PTI legal team mulls moving IHC for bails

The PTI’s legal team is considering approaching the Islamabad High Court, seeking protective bails of party leaders who were charged in blasphemy cases.

The FIRs were lodged on Sunday against PTI Chairman and former premier Imran Khan and other top leaders of the party in Faisalabad and other cities of Punjab over their alleged involvement in the incident in Masjid-i-Nabwi, where some Pakistani pilgrims shouted slogans against the new government and ridiculed Prime Minister Shehbaz Sharif and the federal ministers.

It has been learnt that the PTI is considering approaching the IHC to obtain protective bails during the Eid holidays. It is expected that the petitions would be filed in the IHC on Monday (today).

Supreme Court Bar Association (SCBA) President Ahsan Bhoon expected that the FIRs would not be used for political victimisation. “The government must ensure action against the people involved in the act only.”

Read Pakistani pilgrims held for ‘disrespecting’ Masjid-e-Nabwi

The SCBA president regretted that the PTI should have condemned the incident that occurred in Masjid-i-Nabwi.

Former IHC judge Shaukat Aziz Siddiqui, who is in Madina these days, requested Chief Justice of Pakistan Umar Ata Bandial to take notice of the incident.

He alleged that a conspiracy was hatched in Pakistan wherein former interior minister Sheikh Rashid was one of the culprits.

Siddiqui also requested for the formation of a joint investigation team for this matter.

Legal expert Advocate Hafiz Ahsaan Ahmad Khokhar, while commenting on the issue, said sections 3 and 4 of the Pakistan Penal Code (PPC), 1860 had clearly dealt with the situation and extension in its jurisdiction for such offences.

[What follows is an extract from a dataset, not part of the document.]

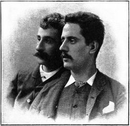 But in whatever way we view an opera, mere orchestral fulness will not serve to land the work very high up in the esteem of music lovers. Nor will the purely beautiful in music—melody worked out with transparent clearness of form—save a poor, unconvincing or uninteresting dramatic fabric from passing6 into the great storehouse of the unacted. Puccini's music is dramatic, and by far the greater part of it, by a sort of quick natural instinct, is purely of the theatre. His first and most direct appeal is by the charm and vitality of the vocal expression, while his whole plan is one of movement. From the first—if we except for the moment his Le Villi, which was first called a ballet-opera—he called his operas Dramma per lyrica—lyric dramas, a term first established, and moulded into a definite art-form, by Wagner. With his first opera, Puccini started something of a new form in the short opera; and two remarkable works of the kind in Cavalleria Rusticana by Mascagni and I Pagliacci by Leoncavallo, which came very soon after, clearly indicate that he had founded a school as it were; and so from Italy to-day, as in times past, this particular fashion spread to other countries. Puccini, still exhibiting, with a strong and in many ways typical national feeling, spontaneous vocal melody as his leading characteristic, did not limit himself to the perfection of the short opera. His subsequent works were of larger calibre. He left the fanciful and imaginative and the old world legends, and turned to everyday life for his subjects. In general form—for one must revert to this not particularly lucid description when dealing with opera—Puccini must be placed among the shining lights who have chosen to deal with what may be called light opera. Opéra comique, as translated by our term "comic opera," means something so entirely different, that although "light opera" is but a poor expression, it is one that may perhaps be most readily "understanded of the people."

“Any person liable, by or under any Pakistani law, can be tried for an offence committed beyond the country and shall be dealt with according to the specific provision of the PPC for any act committed beyond Pakistan in the same manner by a person as if such act had been committed within the country,” he elaborated.

“However, this is subject to other provisions of relevant laws as well and not otherwise for initiating such legal action as of registration of a case under the PPC.”

Khokhar opined that as per Section 196 of the Criminal Procedure Code (CrPC) 1898, it was clearly written and legally essential that no court “shall take cognisance of any offence punishable under Chapter VI or IX-A of the PPC (except Section 127), or punishable under Section 108-A, or Section 153-A or Section 294-A, or Section 295-A or Section 505 of the same code, unless a complaint was filed by the order of or under authority from the federal or the provincial government concerned, or some officer empowered in this behalf by either of the two governments”.

According to the legal expert, there was a mandatory legal prerequisite as per Section 196 of CrPC that an FIR could only be registered under Section 295-A of the PPC only under the authority of either federal or provincial government or through its authorised representative, and not otherwise.

“The same principles for interpreting Section 196 of CrPC and Section 295-A of PPC have been discussed by the superior courts through their various reported judgments.”

The legal expert noted no person could be legally tried two times in any jurisprudence for the same offence – first in the country where they committed the offence and the second where they possessed the domicile.

He emphasised that there was no place on earth as venerated, as central or as holy to as many people as Makkah and Madina.

He added that Masjid-i-Nabwi was the second holiest mosque in Islam after Masjid al-Haram in Makkah and it was against Islamic injunctions and etiquette to speak loudly there.